Friday, Feb. 12, 1965
Off-Key Farce
Why Bother to Knock is a glib, mildly titillating Hollywood-style sex farce. Unfortunately, the film was made by Britons, and the results are about as predictably askew as an American effort to make one of those barmy little British comedies about tweedy bird watchers and eccentric country curates.
Richard Todd plays a man-about-Edinburgh, a passionate travel agent who longs to be Scotch with a twist of Lemmon but more often looks stolid as a Rock. Todd has a prim fiancee and a yen for side trips. When his girl says no, he treks off to the Continent to find more accessible playmates, and for remembrance gives each a key to his flat. In Munich, he meets Nicole Maurey. In Venice, he nuzzles a handsome matron whose teen-age daughter gets the key by mistake. In the Alps, he gets stranded with blonde Elke Sommer, a scenic spectacular who conducts walking tours among the peaks.

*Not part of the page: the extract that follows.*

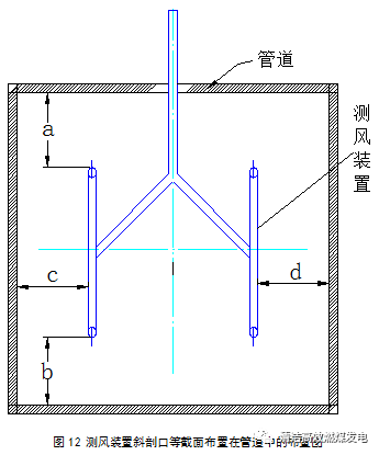 b.方管:测风装置斜剖口等截面布置在管道中,如下图所示:

Back in Edinburgh for the music festival, Todd soon finds his apartment burgeoning with Nicole, Elke, two teenagers, an Italian cellist, and some spongy smart talk. As a friend who pops by on occasion, Classicist Judith Anderson clowns with the air of a lady willing but unable to whip out a bare bodkin and turn the arrant nonsense into a bloody good show. Would that she could.